* [EXERCISE MATERIALS]
^^^^^^^^
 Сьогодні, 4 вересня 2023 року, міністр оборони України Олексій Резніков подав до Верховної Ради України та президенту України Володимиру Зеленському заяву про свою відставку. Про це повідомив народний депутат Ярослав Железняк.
^^^^^^^^
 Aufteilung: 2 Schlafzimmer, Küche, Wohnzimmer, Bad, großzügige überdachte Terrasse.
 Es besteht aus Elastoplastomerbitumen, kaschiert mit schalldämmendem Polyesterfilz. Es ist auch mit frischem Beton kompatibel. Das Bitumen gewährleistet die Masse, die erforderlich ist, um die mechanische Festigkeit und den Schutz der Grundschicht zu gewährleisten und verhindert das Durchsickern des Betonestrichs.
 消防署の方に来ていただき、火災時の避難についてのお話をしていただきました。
^^^^^^^^
* [TASK GOAL]
Print exactly the lines of the listing above starting at the line containing "Aufteilung: 2 Schlafzimmer, Küche, Wohnzimmer, Bad, großzügige" and ending at the line containing "消防署の方に来ていただき、火災時の避難についてのお話をしていただきました。", both included.

* [WRITTEN ANSWER]
 Aufteilung: 2 Schlafzimmer, Küche, Wohnzimmer, Bad, großzügige überdachte Terrasse.
 Es besteht aus Elastoplastomerbitumen, kaschiert mit schalldämmendem Polyesterfilz. Es ist auch mit frischem Beton kompatibel. Das Bitumen gewährleistet die Masse, die erforderlich ist, um die mechanische Festigkeit und den Schutz der Grundschicht zu gewährleisten und verhindert das Durchsickern des Betonestrichs.
 消防署の方に来ていただき、火災時の避難についてのお話をしていただきました。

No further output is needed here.